Saved entries

━━━

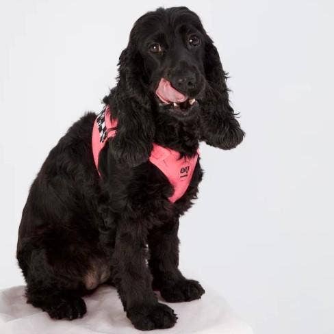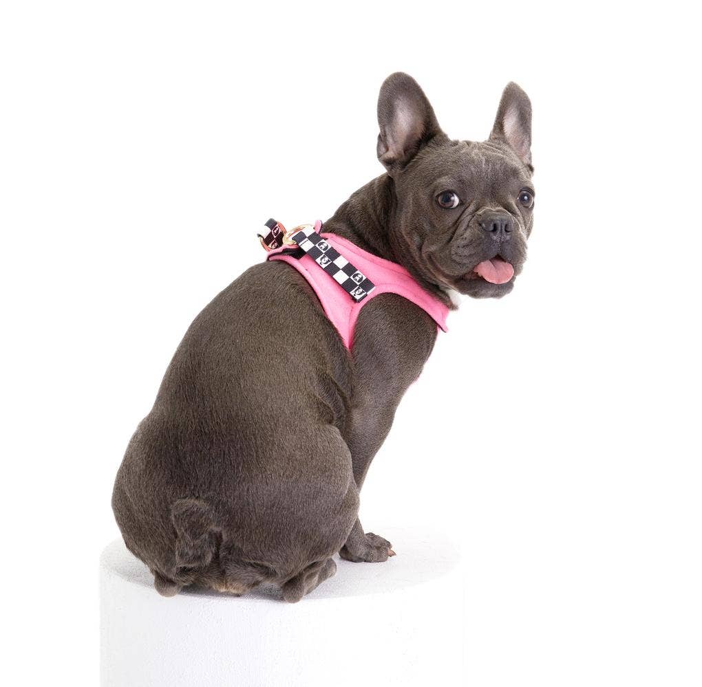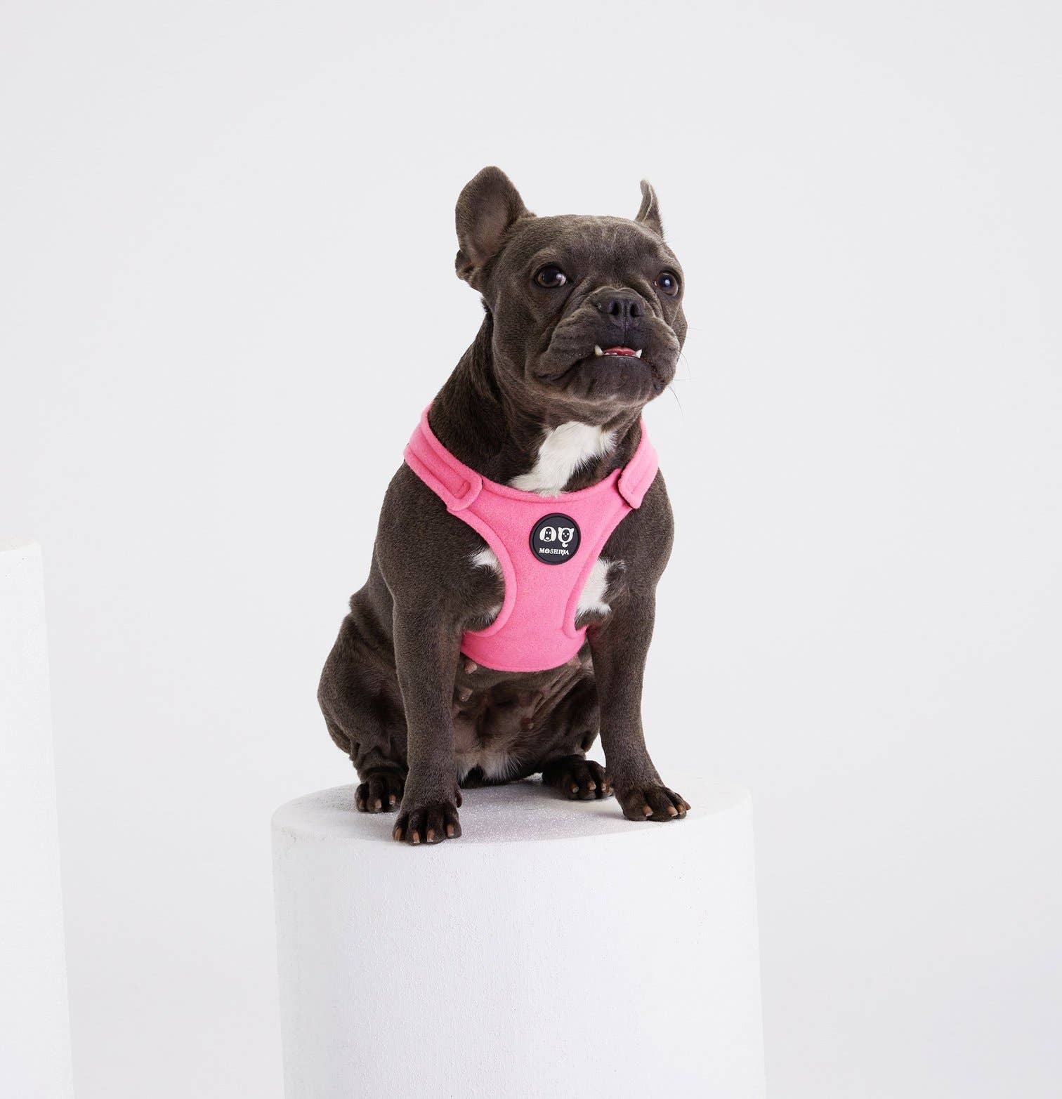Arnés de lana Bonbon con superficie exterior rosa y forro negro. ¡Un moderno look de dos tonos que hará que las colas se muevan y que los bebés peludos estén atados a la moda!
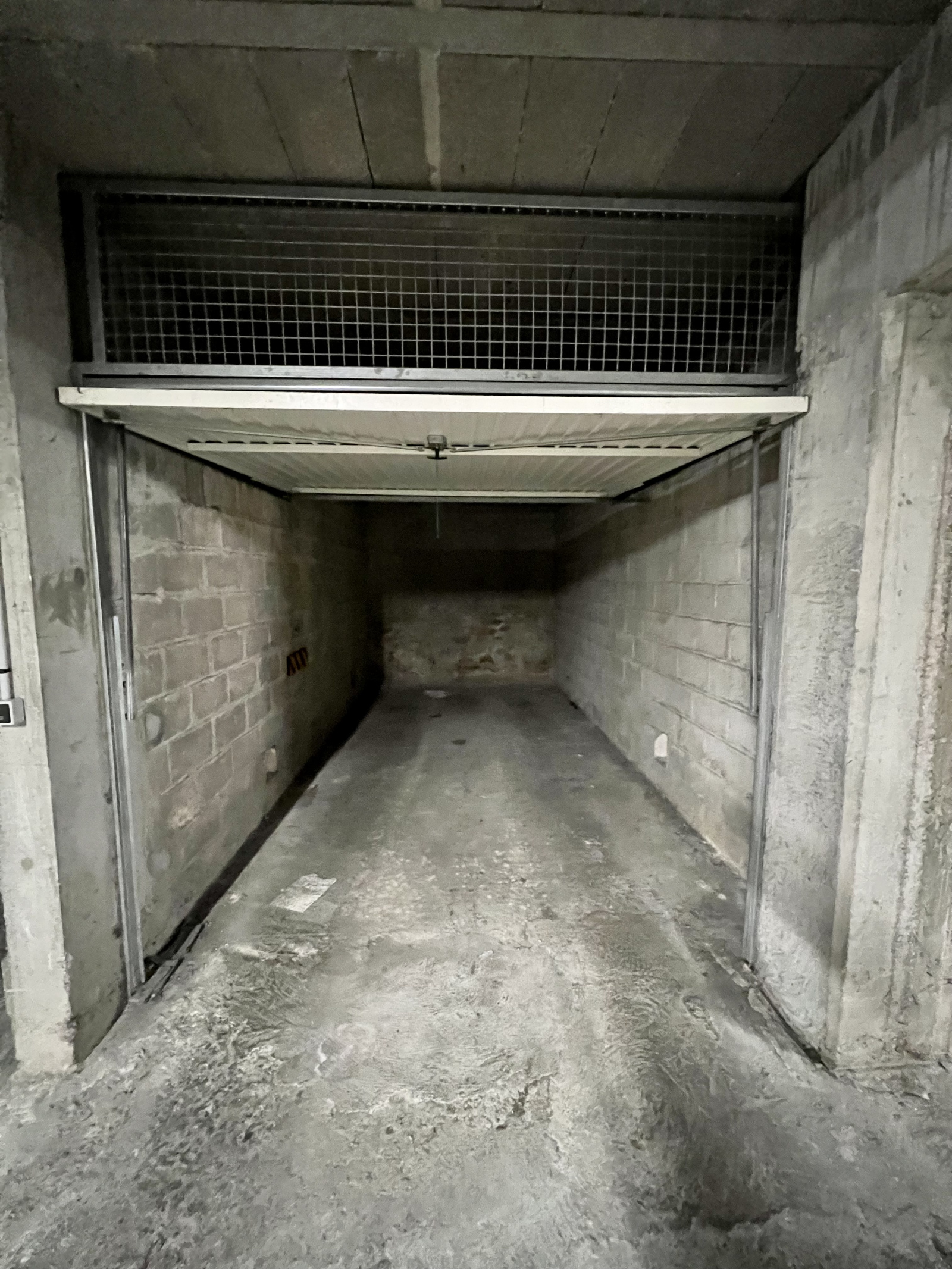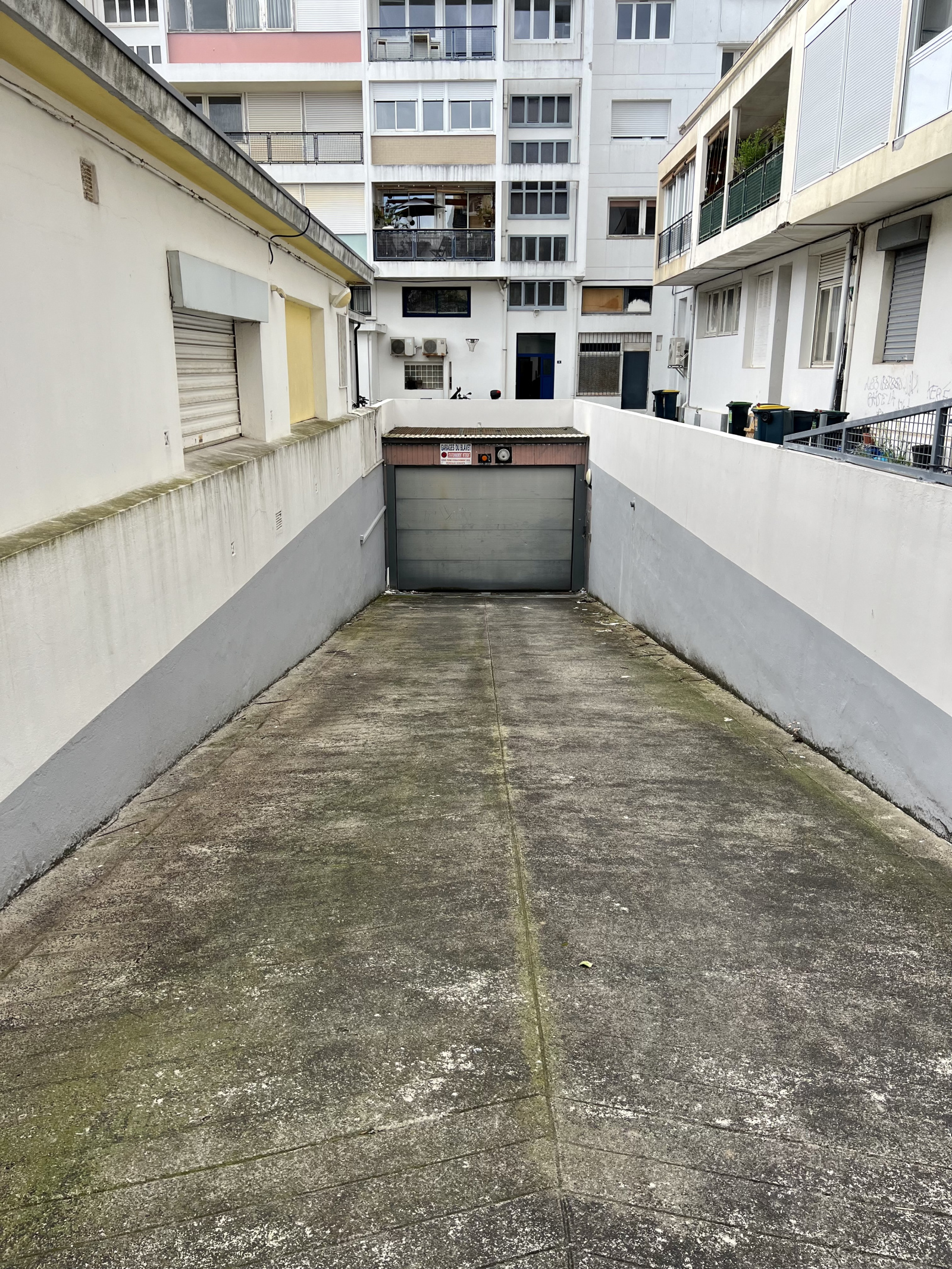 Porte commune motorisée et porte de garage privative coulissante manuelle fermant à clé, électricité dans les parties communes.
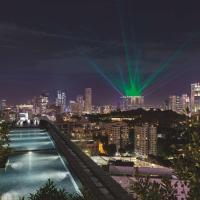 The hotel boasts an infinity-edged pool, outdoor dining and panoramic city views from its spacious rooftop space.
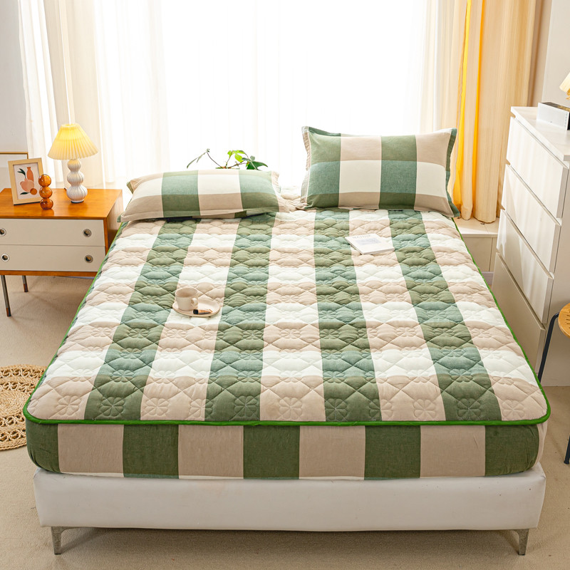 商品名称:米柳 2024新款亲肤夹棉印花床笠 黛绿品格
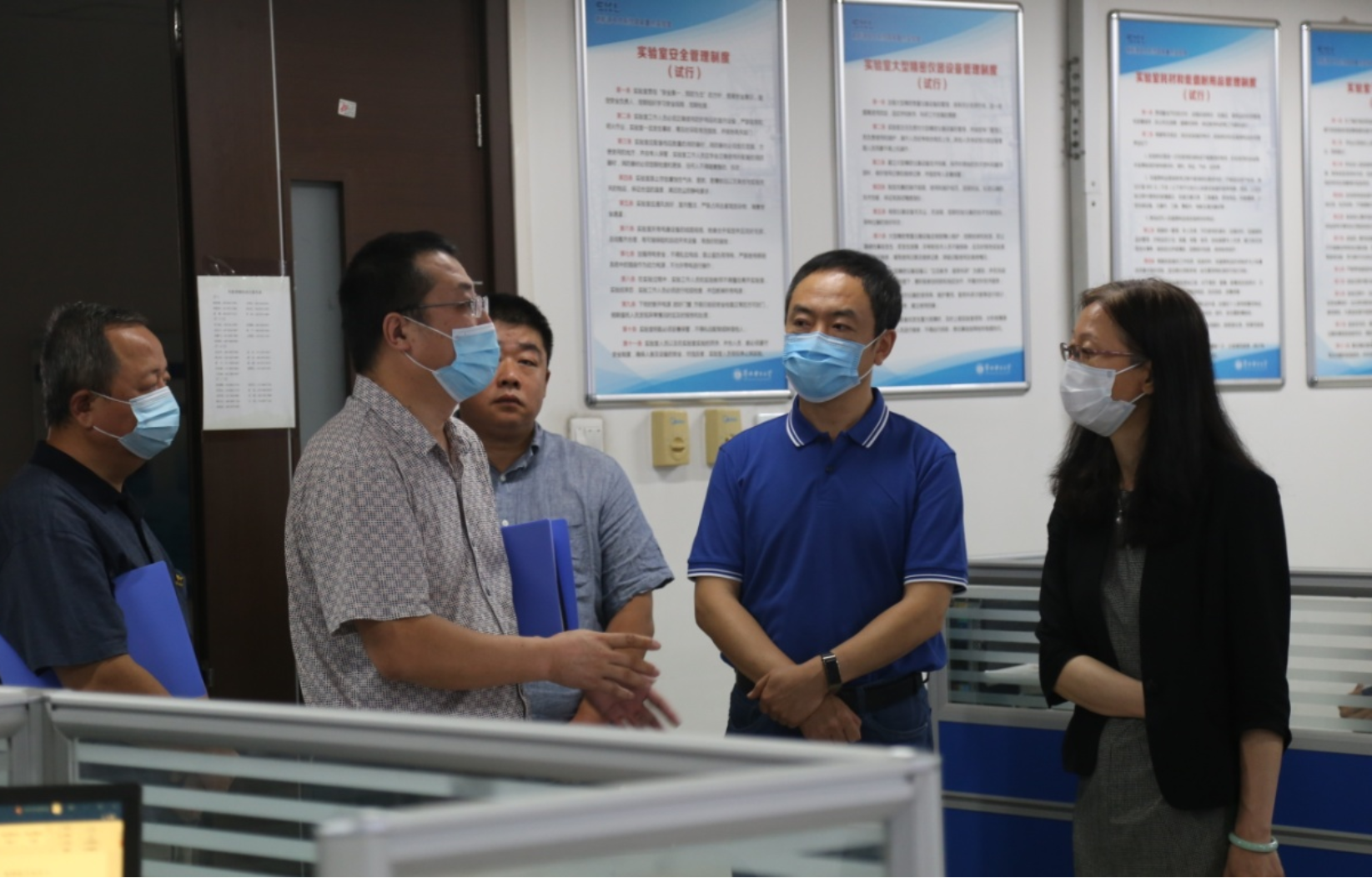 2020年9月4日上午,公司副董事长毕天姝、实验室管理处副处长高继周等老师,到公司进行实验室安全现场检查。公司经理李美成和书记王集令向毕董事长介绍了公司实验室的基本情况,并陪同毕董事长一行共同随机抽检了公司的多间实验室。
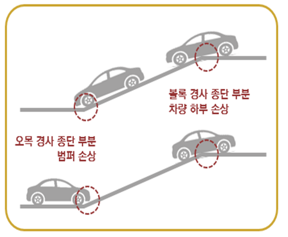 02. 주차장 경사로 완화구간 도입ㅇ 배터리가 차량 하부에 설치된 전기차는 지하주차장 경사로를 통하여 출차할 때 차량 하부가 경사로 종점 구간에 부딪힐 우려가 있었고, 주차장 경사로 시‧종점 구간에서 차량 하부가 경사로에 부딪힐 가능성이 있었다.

━━━

**YOUR GOAL:**
Set the pictures aside and repeat only the lines from the one containing "Porte commune motorisée" through the last line of the entries above, exactly as they stand.

**EXERCISE OUTPUT:**
 Porte commune motorisée et porte de garage privative coulissante manuelle fermant à clé, électricité dans les parties communes.
 The hotel boasts an infinity-edged pool, outdoor dining and panoramic city views from its spacious rooftop space.
 商品名称:米柳 2024新款亲肤夹棉印花床笠 黛绿品格
 2020年9月4日上午,公司副董事长毕天姝、实验室管理处副处长高继周等老师,到公司进行实验室安全现场检查。公司经理李美成和书记王集令向毕董事长介绍了公司实验室的基本情况,并陪同毕董事长一行共同随机抽检了公司的多间实验室。
 02. 주차장 경사로 완화구간 도입ㅇ 배터리가 차량 하부에 설치된 전기차는 지하주차장 경사로를 통하여 출차할 때 차량 하부가 경사로 종점 구간에 부딪힐 우려가 있었고, 주차장 경사로 시‧종점 구간에서 차량 하부가 경사로에 부딪힐 가능성이 있었다.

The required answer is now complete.